Anonymous Monk has asked for the wisdom of the Perl Monks concerning the following question:

Hi,

I have an application which needs to save a database field type blob as a .gif or .jpg file format.

How may I do it?

Thanks.

Replies are listed 'Best First'.
Re: blob field
by mortis (Pilgrim) on Aug 12, 2004 at 02:49 UTC
    Many DBD drivers support BLOB columns natively. Most drivers/databases require you to use bind variables (which are usualy safer and often more efficient than composing quoted strings of sql code). Using bind params is not that difficult, assuming you are using mysql, and have a table named foo 'create table foo (data BLOB)', the following contrived example code should work for you:
    use strict; use warnings; use DBI; my $dbh = DBI->connect('dbi:mysql:krb','mortis',''); die $DBI::errstr unless $dbh; if (@ARGV) { my $img_file = 'test.jpg'; my $img_data = getFile($img_file); my $sql = 'INSERT INTO foo (data) VALUES (?)'; unless ($dbh->do($sql,undef,$img_data)) { die "Error executing sql: '$sql' : $DBI::errstr : ",$dbh->errstr," +\n"; } print "DATA INSERTED\n"; } my $resultSet = $dbh->selectall_arrayref('SELECT * FROM foo'); my $imgData = $resultSet->[0]->[0]; writeFile('test2.jpg',$imgData); $dbh->disconnect; sub getFile { my($file) = @_; my $fh; unless (open $fh, "<", $file) { die "Error opening $file : $!\n"; } my $data; { local $/ = undef; $data = <$fh>; } close $fh; return $data; } sub writeFile { my($file,$data) = @_; my $fh; unless (open $fh, ">", $file) { die "Error opening $file : $!\n"; } print $fh $data; close $fh; }

    Iirc, DBD::Oracle supports blobs natively in the same manner (you might have to pass statement handle attributes to identify the column's type though). DBD::Pg also supports blob columns, though you need to have blob access inside of a transaction, and you used to have to call some Postgresql specific DBD api to use them. Newer versions may be better.

    hth,

    Kyle

Re: blob field
by amt (Monk) on Aug 11, 2004 at 20:16 UTC
    Depending on the database implementation, storing binary data like images doesn't work well. I would suggest storing a URI for that image, and using your script to do the heavy work of fetching that file. amt.

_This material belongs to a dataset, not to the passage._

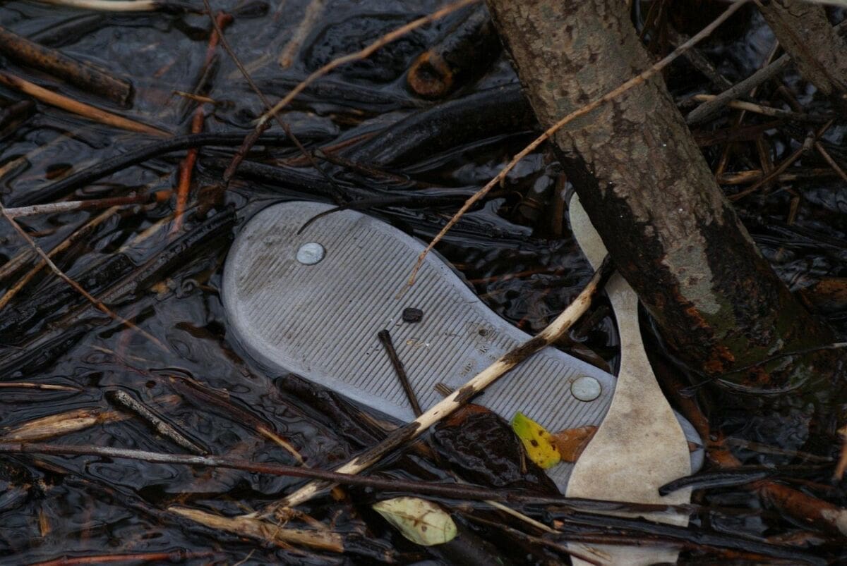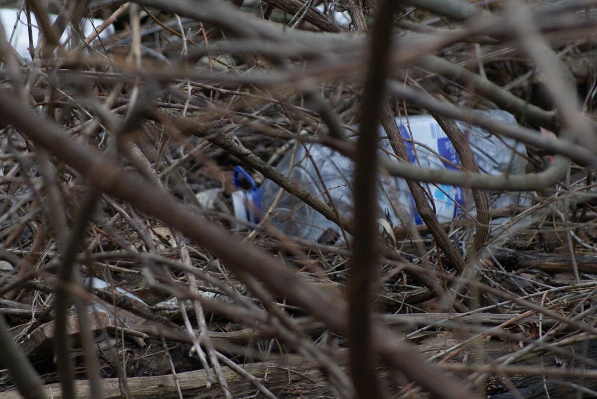 Čak se mogu primijetiti crveno bijele trake koje su postavili ribari za vrijeme jesenskog natjecanja. Još žalosnije, kante za otpad nisu se ispraznile od sredine srpnja prošle godine.

      I've had good luck storing images in a PostgreSQL database using the bytea data type. Take a look at the bind_param section of DBD::Pg for more details on how to do it.

      As a handy trick for pulling the images back out and displaying them without knowing the file extension, use File::MMagic to figure out the what kind of image it is. I used this to specify the header type on a CGI application that retrieved stored images.

      However, if you're going to be storing a lot of images or speed is a concern, you're probably better off following amt's advice.